Friday, 14 April 1911

Scott

After weeks on the Barrier, and with their faces black with smoke from the Discovery hut's blubber stove, the men walked off the sea-ice and into the hut at Cape Evans.

"I shall never forget the breakfast that Clissold prepared for us," Teddy Evans remembered with feeling, "hot rolls, heaps of butter, milk, sugar, jam, a fine plate of tomato soup, and fried seal cooked superbly. The meal over, we shaved, bathed, and put on clean clothes, smoked cigarettes, and took a day's holiday." [1]

The party back at Hut Point were very anxious about those who had gone ahead, and upon seeing the prearranged signal gun from Cape Evans that evening, "all went wild with excitement," wrote Cherry in his diary, "knowing that all was well. Meares ran in and soaked some awning with paraffin, and we lifted it as an answering flare and threw it into the air again and again, until it was burning in little bits all over the snow. The relief was great." [2]

Scott himself wrote, "It was not until I found all safe at the Home Station that I realised how anxious I had been concerning it. In a normal season no thought of its having been in danger would have occurred to me, but since the loss of the ponies and the breaking of the Glacier Tongue I could not rid myself of the fear that misfortune was in the air and that some abnormal swell had swept the beach; gloomy thoughts of the havoc that might have been wrought by such an event would arise in spite of the sound reasons which had originally led me to choose the site of the hut as a safe one." [3]
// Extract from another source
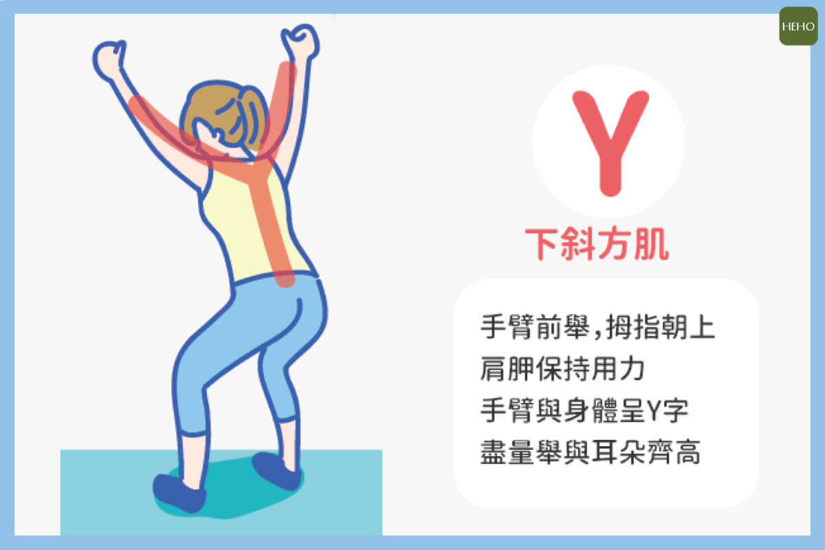 - 動作 Y ,鍛鍊肌肉為下斜方肌

"Anton considers the death of Hackenschmidt to have been an act of 'cussedness' -- the result of a determination to do no work for the Expedition!!"


Notes:

[1] E.R.G.R. Evans, South with Scott, p.107, quoted by David Crane in Scott of the Antarctic (New York : Knopf, c2005), p.436.
[2] Apsley Cherry-Garrard, The Worst Journey in the World, ch.5.
[3] R.F. Scott, diary, "Impressions on returning to the Hut, April 13, 1911", quoted in Scott's Last Expedition, v.1.